Louisiana Jury Finds Galette Not Guilty of Domestic Abuse Allegation
Galette was a player-elected Team Captain for the New Orleans Saints, playing on a $42+M deal when in early 2015, a woman accused him of assault and called the police. When prosecutors investigated the alleged incident, they concluded the allegations lacked credibility and dropped all charges. The woman pursued a civil suit―seeking a “big money” settlement―but Galette refused to settle. Putting his reputation and name on the line, Galette took the matter to trial―and won. On July 12, 2017, a Jefferson Parish jury found Galette did not assault the accuser or in any way cause any injury to the accuser. The jury refused to award the accuser even a single dollar, fully exonerating Galette. Although all criminal charges were dropped and the jury fully exonerated Galette, the NFL did not retroactively reverse its two-game suspension of Galette related to the alleged incident.
In June, Galette penned an Open Letter to NFL Commissioner Roger Goodell seeking equitable treatment of Black players and an end to policies that blackball players who speak out against racism and disparity in the league. Galette’s letter applauds the NFL’s recent statement acknowledging systemic racism and the inequitable treatment of Black people in America, but Galette asks that the NFL go beyond mere words of support for the Black Lives Matter movement: Galette calls upon the league to institute policies that bring about real change.
As Galette noted in his Open Letter, Black men—including Black NFL Players—in America are seven times more likely to have encounters with law enforcement than are their white counterparts, a startling statistic experts attribute in part to institutionalized racism and systemic, and systematic oppression. Black NFL players are not immune from such adverse interaction with police, but under current NFL policies, a player merely accused of a crime can be suspended from playing even before having the opportunity to appear in court and exercise his constitutional right to prove his innocence.

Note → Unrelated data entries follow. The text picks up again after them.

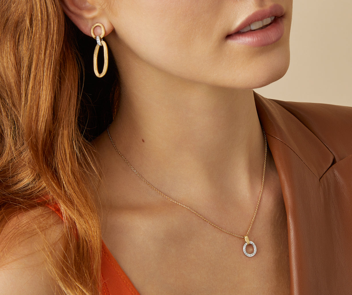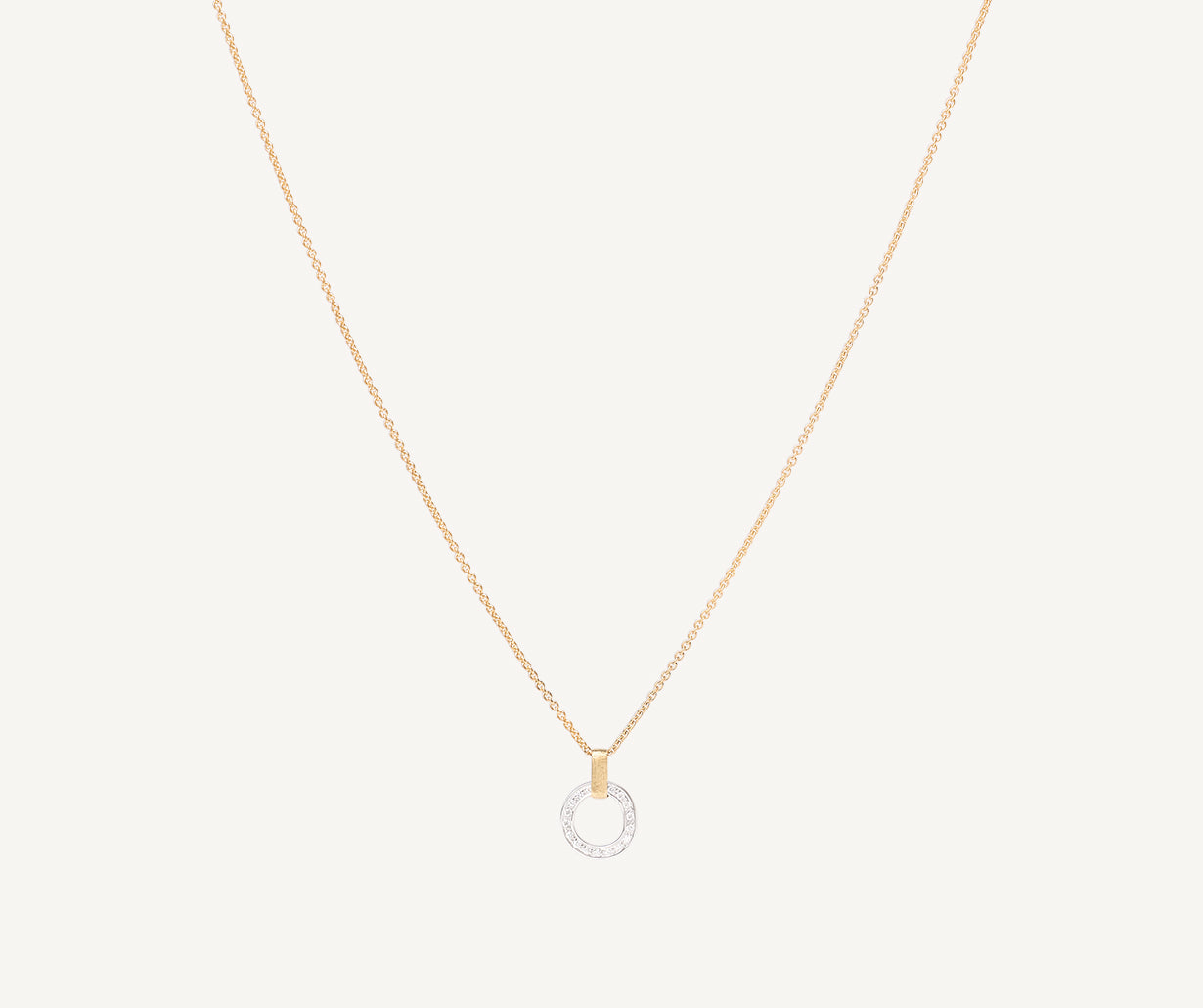 A refined pendant necklace with a diamond-studded link in 18kt white gold, finely hand-engraved using the ancient Florentine technique which gives our gold a fine, brushed texture.
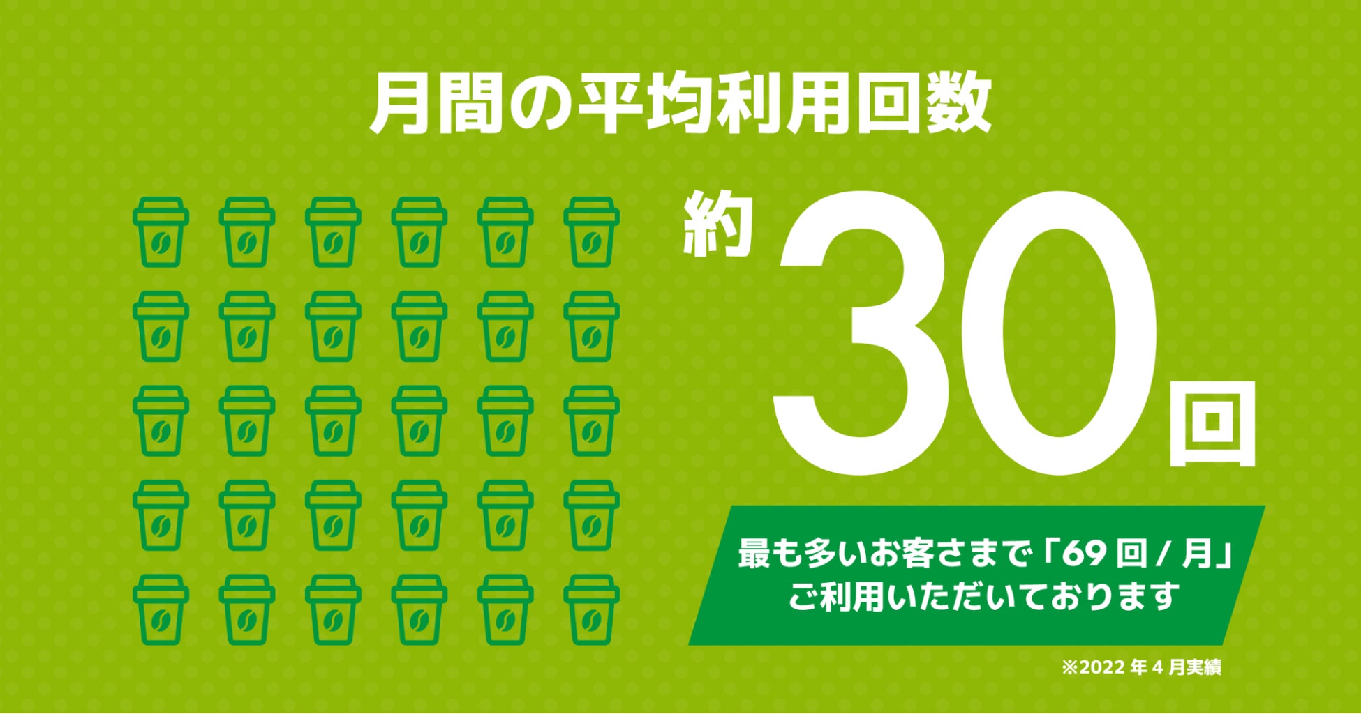 また、『NewDays カウンターコーヒープラン』の月間の平均利用回数は「約30回/月」と高く、最も多いお客さまで「69回/月」ご利用いただいております。
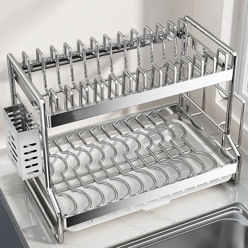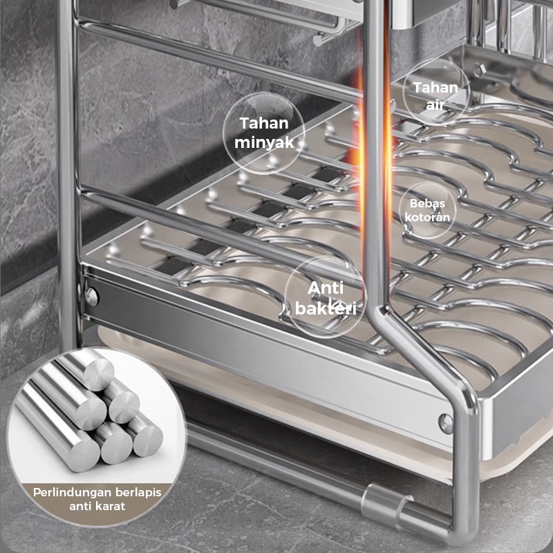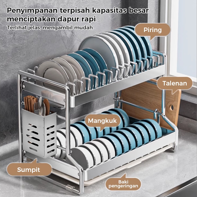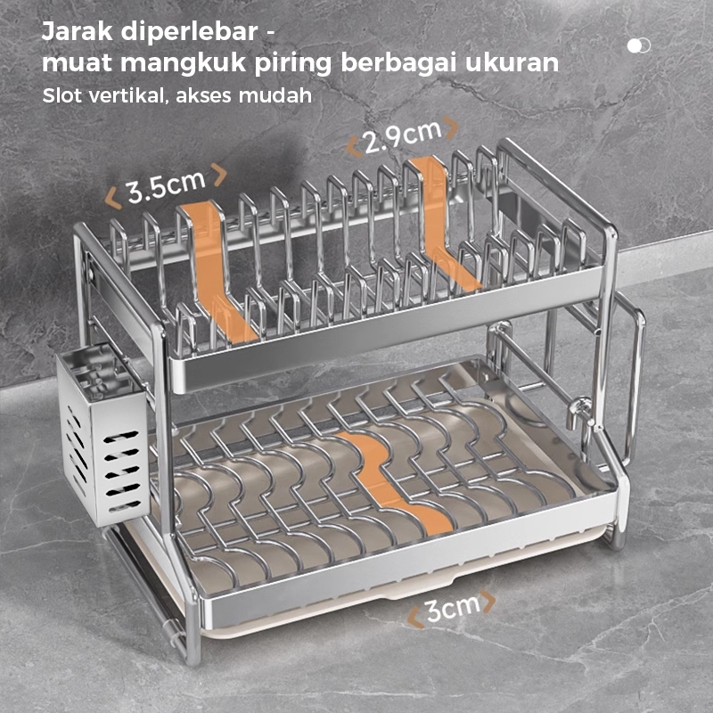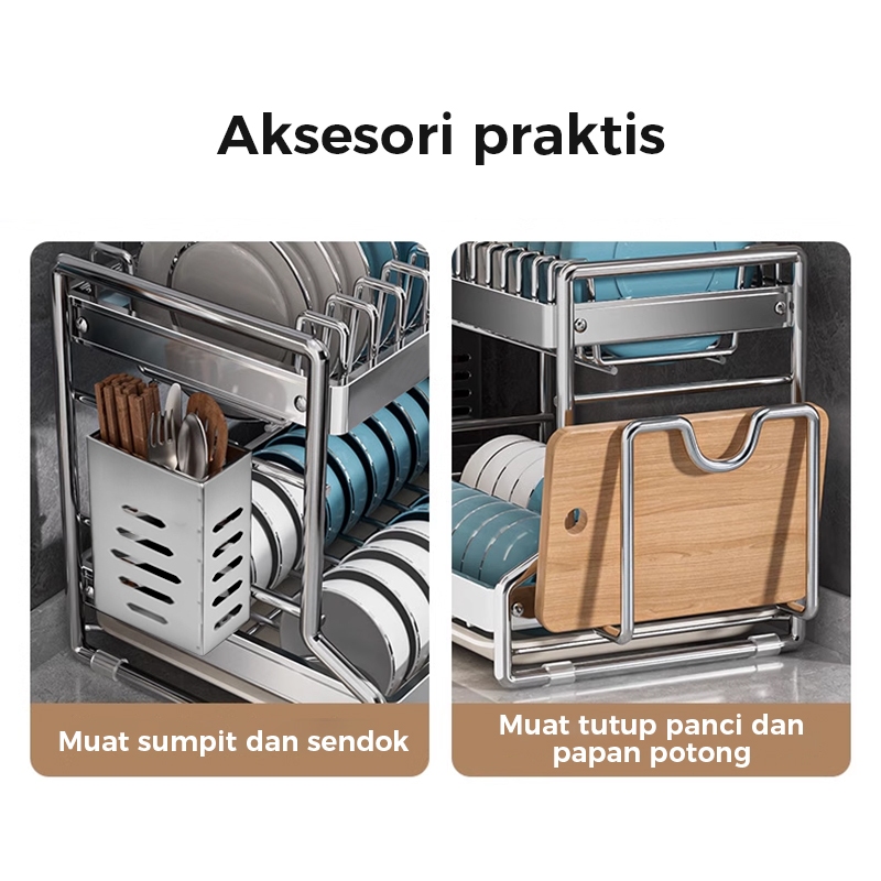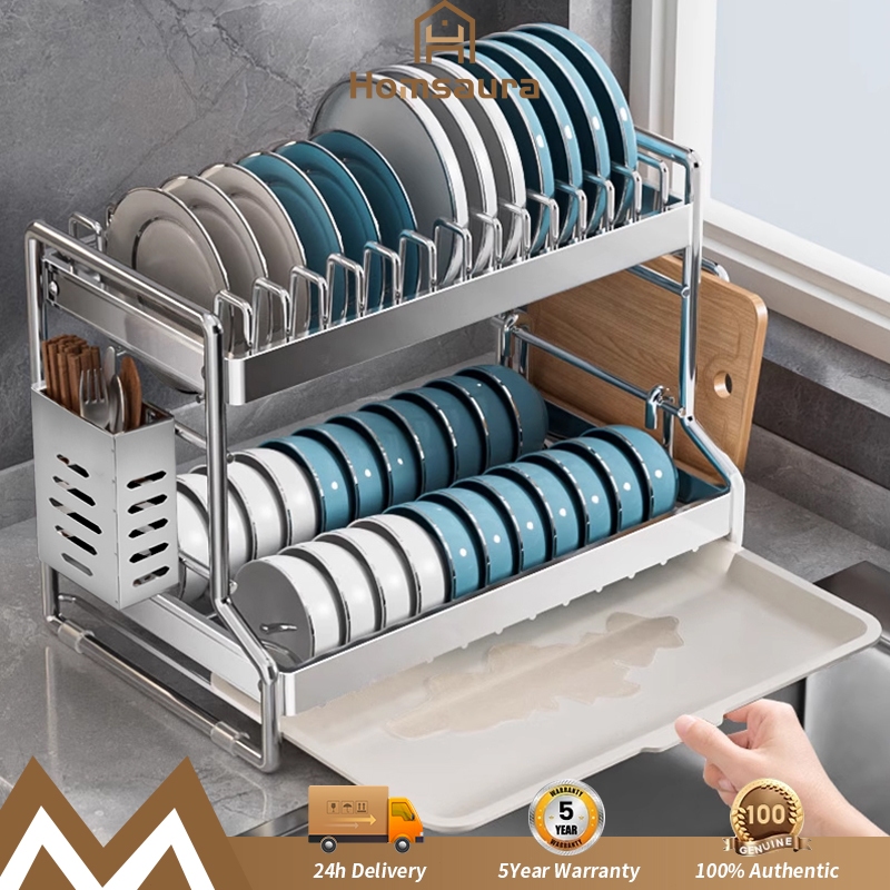 Homsaura Rak Piring Stainless Steel Rak Cuci Piring Dish Rack Rak Pengering Piring Rak Peralatan Dapur Dengan Aksesoris
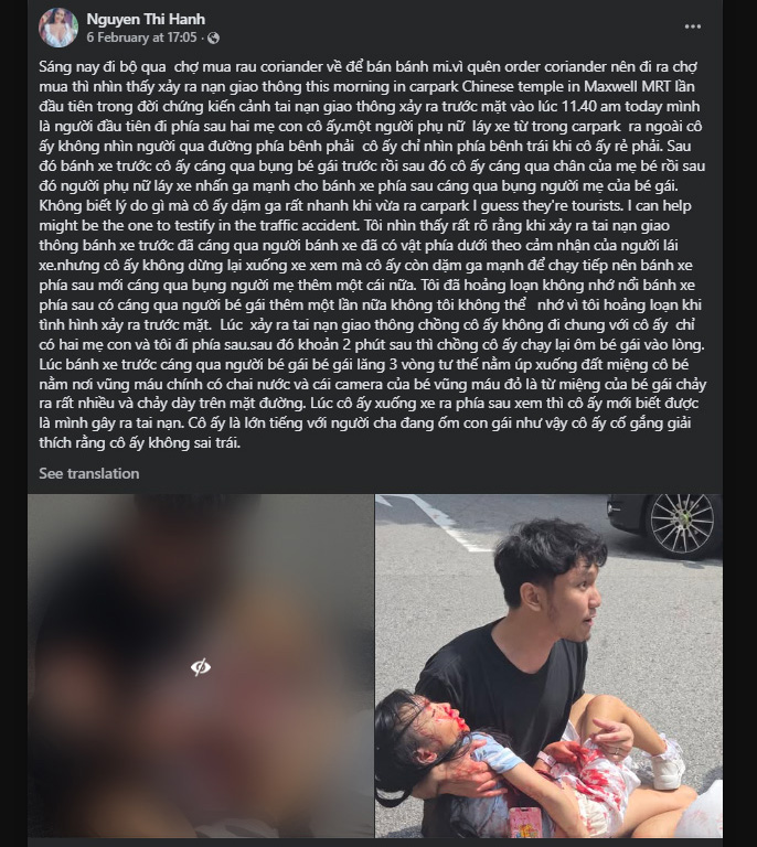 Eyewitnesses say a dark-coloured BYD car was exiting a car park near a Chinese temple by Maxwell MRT. The car was making a right turn when it struck the mother and daughter as they crossed.
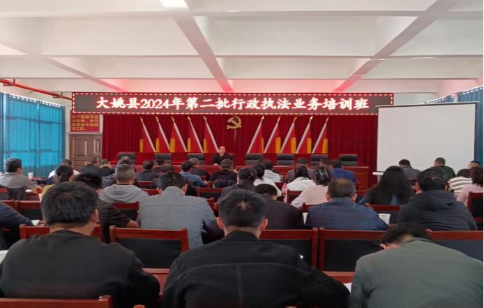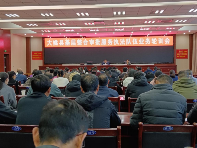 为认真贯彻落实《云南省提升行政执法质量三年行动实施方案》《云南省人民政府关于公布乡镇(街道)行政职权基本目录和赋予乡镇(街道)部分县级行政职权指导目录的决定》和全县基层综合行政执法改革工作要求,提高全县执法人员综合业务能力,提升行政执法水平,保障赋权乡(镇)的执法事项有效承接,压实基层行政执法责任,大姚县于2024年2月28日至3月1日组织全县乡镇明责赋权扩能工作协调联动领导小组成员单位相关人员和12个乡镇分管领导、综合行政执法人员及司法所长共160余人开展基层整合审批服务执法队伍业务轮训。

This is precisely what happened to Galette related to the 2015 alleged incident. Although eventually fully exonerated, in 2015, two years before he was exonerated, the NFL suspended Galette for 2 games. When Galette was exonerated, the NFL did not reverse the suspension. As Galette points out, America’s justice system is slow, but the NFL’s quick-trigger disciplinary system can tarnish a player’s reputation before the player receives his full due process in a court of law.